Trudno nie porównywać ciągle ze sobą obu scenarzystów oraz ich pracy nad tym komiksem, jednak nie można powiedzieć, że to, co napisał Ed Brubaker, jest słabe czy złe. Tak jak już mówiłem, to wysokiej klasy opowieść o superbohaterze z problemami. O postaci tragicznej, autodestrukcyjnej i, pomimo bycia twardzielem, dość zagubionej – ciągle takiej samej, jednak wyraźnie prezentowanej przez kogoś innego. Nie dałoby się pomylić tych dwóch serii. Jednak serię poprzednika czytało mi się znacznie, znacznie lepiej, a Daredevil od czasu do czasu pokazywał, dlaczego jest postrachem bandziorów, a nie tylko chłopcem do bicia dla złośliwego losu (bądź scenarzysty). Tutaj, niestety, brakuje tak ekscytujących momentów, jak na przykład pobicie Bullseye’a czy Kingpina w „Hardcore”.

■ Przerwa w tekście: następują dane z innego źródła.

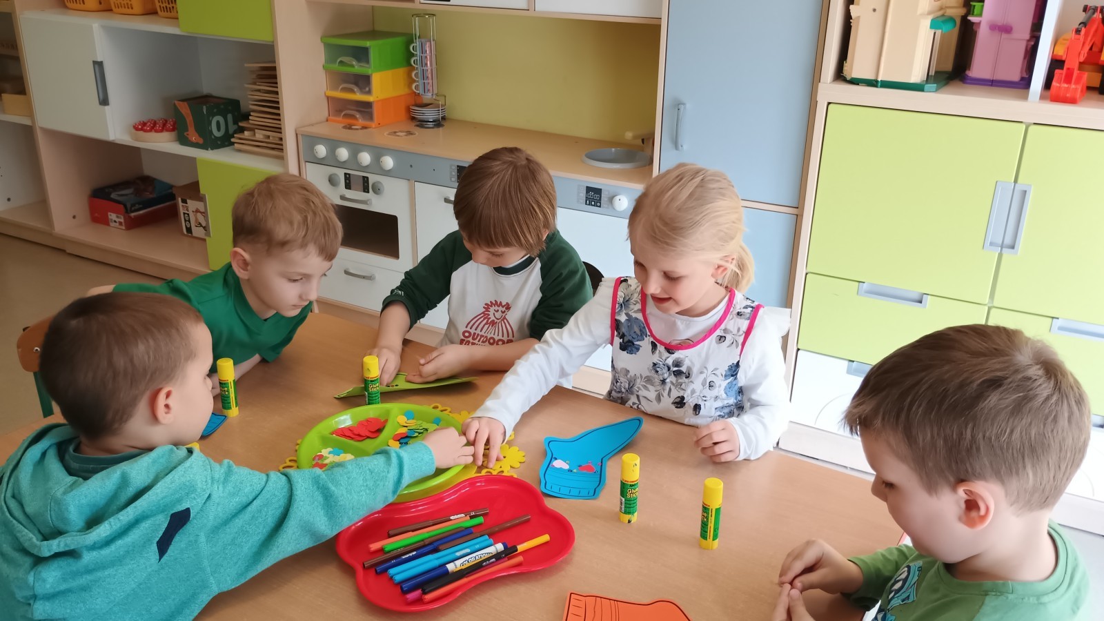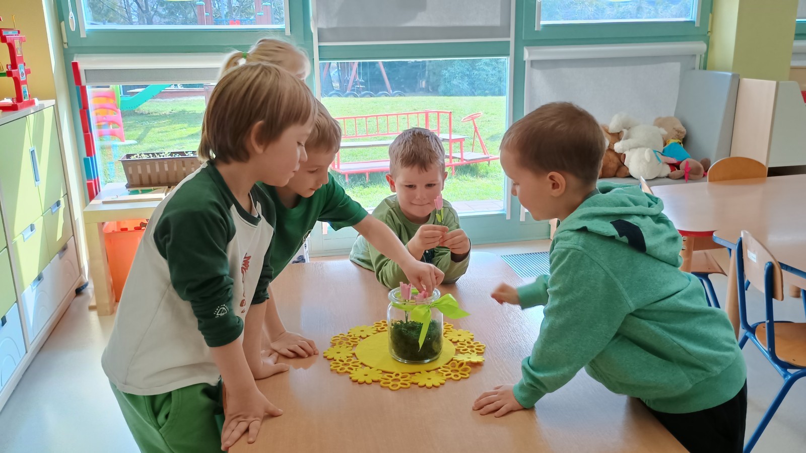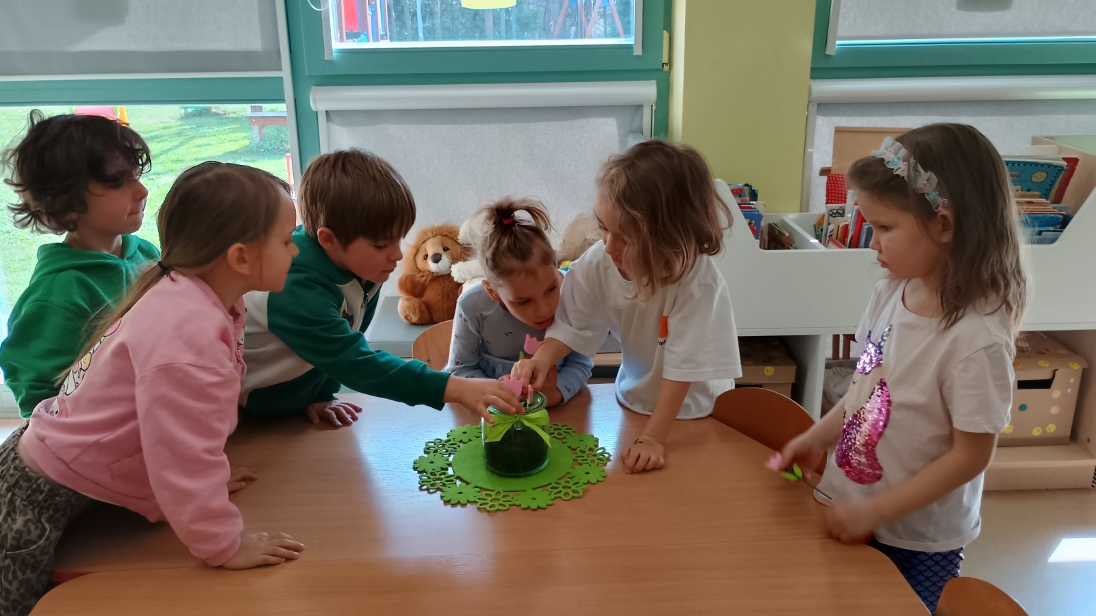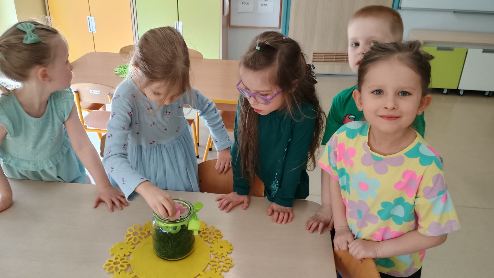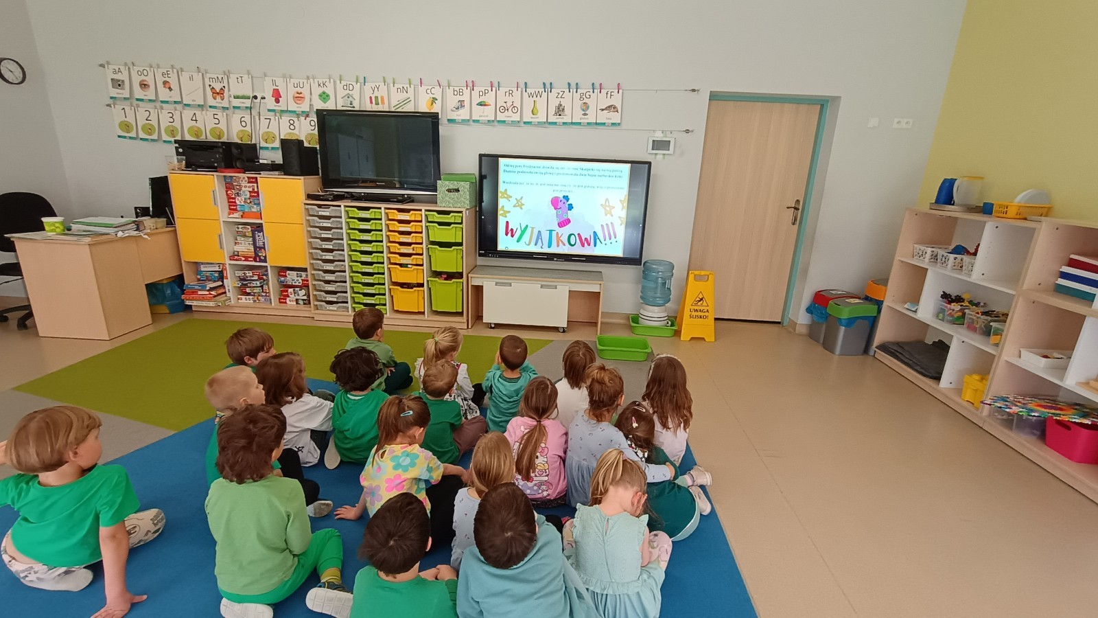 Były zagadki ze zwiastunami wiosny, wiosenne zabawy w sali i w ogrodzie oraz piosenka, a następnie przedszkolaki poznały ideę dnia kolorowej skarpetki, który ma na celu budowanie empatii, tolerancji i solidarności z osobami z Zespołem Downa, naukę akceptacji różnic i zrozumienia niepełnosprawności. Na zakończenie każdy wykonał wyjątkową skarpetkę.

Warto wspomnieć o rysunkach Michaela Larka. Niestety, i one, jakkolwiek dobre, nie wyróżniają się niczym szczególnym. Mamy tu realistyczną, ponurą kreską z dobrą mimiką i postaciami, która zawodzi przede wszystkim właśnie brakiem wyrazu, a czasem także niewyraźnością. Choć Alex Maleev także rysował prawie fotorealistyczne postacie, to jego styl był bardzo charakterystyczny – od razu było widać, że to jego komiks, z własnym charakterem, własną twarzą. Larka mógłbym pomylić z Eptingiem czy Phillipsem, który z tej trójki ma chyba najbardziej wyjątkowy styl. Rysunki pełne czerni, cieni i deszczu pasują do tego Daredevila, umiejętnie budują nastrój i oddają klimat kryminalno-superbohaterskiego scenariusza, ale ani na moment nie zachwycają. Po prostu są.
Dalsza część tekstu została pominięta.